**Task objective**
Make an exact copy, from the records below, of the lines from the line containing "陕西省教育厅关于印发《陕西省" to the line containing "I think Fluffy", both lines included, excluding pictures.

**Input**
--- --- ---
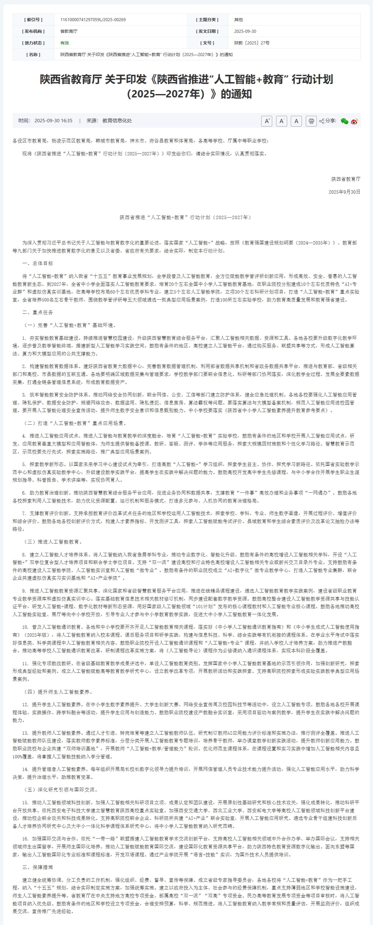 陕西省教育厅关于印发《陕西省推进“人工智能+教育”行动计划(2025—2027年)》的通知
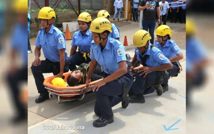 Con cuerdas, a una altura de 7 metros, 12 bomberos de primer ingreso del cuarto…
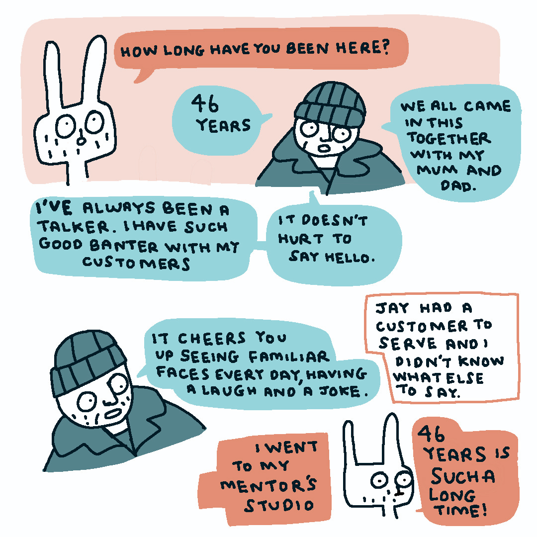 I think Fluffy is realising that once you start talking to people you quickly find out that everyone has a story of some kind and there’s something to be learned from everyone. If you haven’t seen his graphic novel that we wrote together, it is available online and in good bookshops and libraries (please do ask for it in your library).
--- --- ---
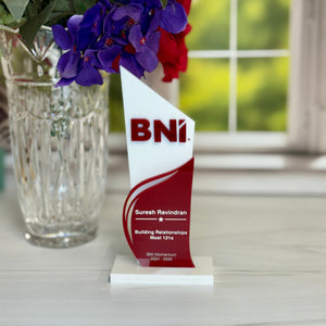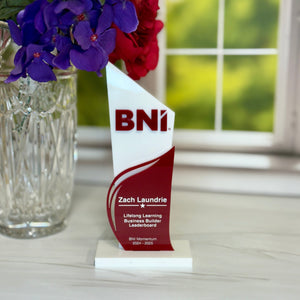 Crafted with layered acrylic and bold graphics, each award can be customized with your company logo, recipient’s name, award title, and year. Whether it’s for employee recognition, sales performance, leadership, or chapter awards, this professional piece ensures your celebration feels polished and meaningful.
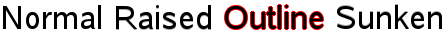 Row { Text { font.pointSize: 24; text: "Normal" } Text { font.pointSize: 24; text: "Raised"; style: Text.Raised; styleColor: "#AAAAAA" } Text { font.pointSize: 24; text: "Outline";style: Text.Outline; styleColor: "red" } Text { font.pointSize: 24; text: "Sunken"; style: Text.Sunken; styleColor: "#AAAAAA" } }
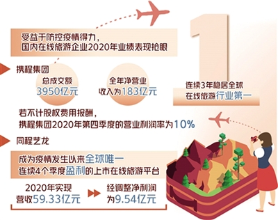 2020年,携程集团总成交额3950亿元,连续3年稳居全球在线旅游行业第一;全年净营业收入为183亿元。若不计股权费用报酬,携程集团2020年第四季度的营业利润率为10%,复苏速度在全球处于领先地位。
--- --- ---
**Reply**
 陕西省教育厅关于印发《陕西省推进“人工智能+教育”行动计划(2025—2027年)》的通知
 Con cuerdas, a una altura de 7 metros, 12 bomberos de primer ingreso del cuarto…
 I think Fluffy is realising that once you start talking to people you quickly find out that everyone has a story of some kind and there’s something to be learned from everyone. If you haven’t seen his graphic novel that we wrote together, it is available online and in good bookshops and libraries (please do ask for it in your library).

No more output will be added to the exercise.